Hysterical Sound3To conclude our Hysterical Sound series, we are pleased to present an excerpt from John Corbett, Terri Kapsalis and Danny Thompsons performance of The Hysterical Alphabet.

Through this series we have explored a history of fetishizing women’s hysterical vocalizations with Gordon Sullivans post on Clayton Cubitt’s video work, and my post on Sam Taylor-Johnson’s film Hysteria and it’s relation to the “silence” of hysteria in medical history.

Today, Kapsalis gives us a piece in which “the ABCs are seized in a convulsive fit,” each letter of the alphabet serving to introduce some episode of the history of hysteria. Accompanied by the sound design of Corbett and Thompson’s visual collage, this performance of The Hysterical Alphabet offers a multi-sensory engagement with the past to “disprove the theory that time heals all wombs.”

SO! is grateful to the artists for sharing their work with us.

— Guest Editor Karly-Lynne Scott

Inspired by primary medical writings and actual case histories, “The Hysterical Alphabet” tracks the 4,000 year history of hysteria starting with A in ancient Egypt. First published as a book with text by Terri Kapsalis and drawings by Gina Litherland, it subsequently assumed a different form as a performance featuring video and live soundtrack. Terri Kapsalis (voice), John Corbett (sound), and Danny Thompson (video) performed the feature length piece from 2007-2012 in many different venues, including the Art Institute of Chicago, Emory University, RISD, Bates College, Clark University, and the University of Chicago. The video documentation included here excerpts the letters S, T, U, and V, which focus on the 19th century, moving into the 20th century, and were drawn from the work of Charlotte Perkins Gilman, S. Weir Mitchell, Jean-Martin Charcot, and Sigmund Freud, among others.

 

John Corbett (sound) is a writer, sound-artist, and curator. He is the co-director of the art gallery Corbett vs. Dempsey. In 2002, Corbett served as Artistic Director of JazzFest Berlin, and he co-curated the Empty Bottle Festival of Jazz & Improvised Music for nine years. He is the producer of the Unheard Music Series, an archival program dedicated to creative music issues and re- issues, and he is the author of Extended Play: Sounding Off from John Cage to Dr. Funkenstein and Microgroove: Forays into Other Music. Corbett can be heard on a number of CDs including I’m Sick About My Hat and has brought his sound skills to two previous Theater Oobleck productions.

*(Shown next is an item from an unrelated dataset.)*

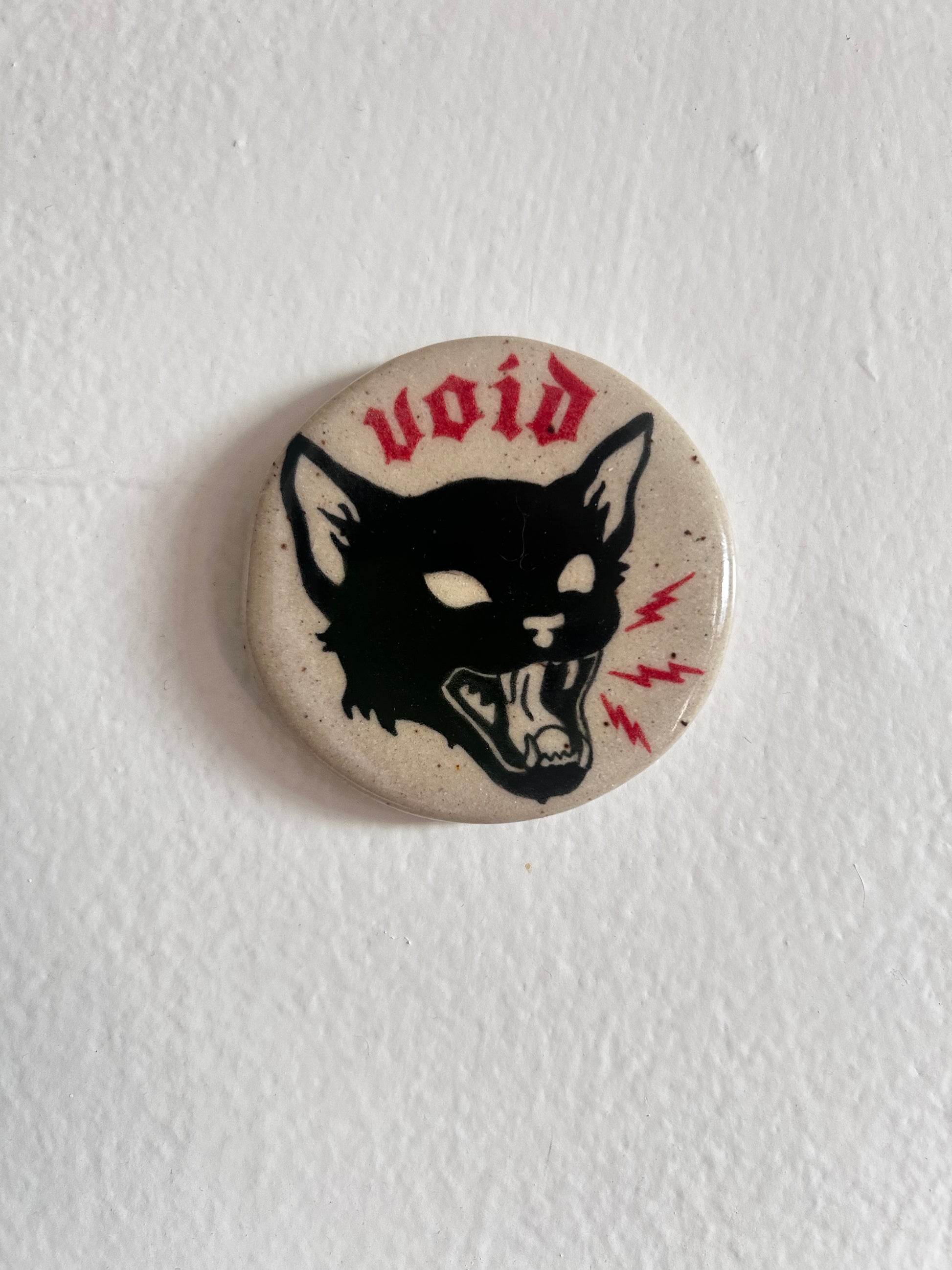 handmade with love and a little notch in the back so she can be hung on a wall.

Terri Kapsalis’ (text/sound) writings have appeared in such publications as Short Fiction, The Baffler, Denver Quarterly, new formations, Public, and Lusitania. She is the author of Jane Addams’ Travel Medicine Kit, Hysterical Alphabet, and Public Privates: Performing Gynecology from Both Ends of the Speculum. Kapsalis is a founding member of Theater Oobleck, works as a health educator at Chicago Women’s Health Center, and teaches at the School of the Art Institute of Chicago.

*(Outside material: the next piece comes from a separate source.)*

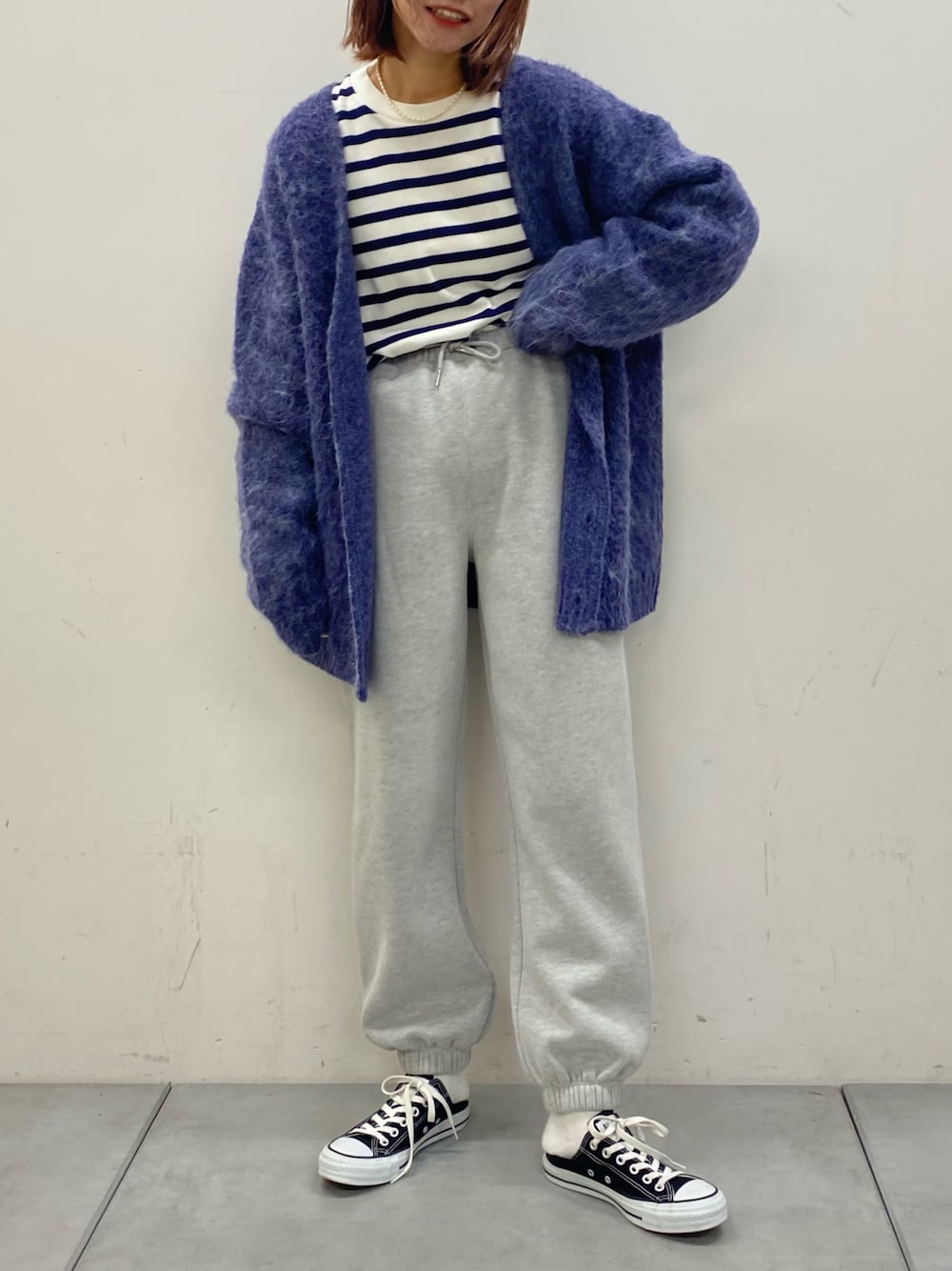 トレンドのカーディガンとスウェットパンツを合わせたコーデ。 ゆったりとしたメンズのカーディガンは女性にもおすすめです!

Danny Thompson (video) is a founding member of Theater Oobleck, for which he has written (and performed in) 20 plays and solo performances, including Necessity, Big Tooth High-Tech Megatron vs. the Sockpuppet of Procrastination, and The Complete Lost Works of Samuel Beckett as Found in an Envelope (Partially Burned) in a Dustbin in Paris Labeled “Never to be Performed. Never. Ever. Ever. Or I’ll Sue! I’ll Sue from the Grave!!! The latter was given the “Comedy Excellence Award” at the 2000 New York Fringe Festival, “Top Ten of the Fest” at the Edinburgh Fringe Festival in Scotland, and extensively toured the U.K. and Ireland.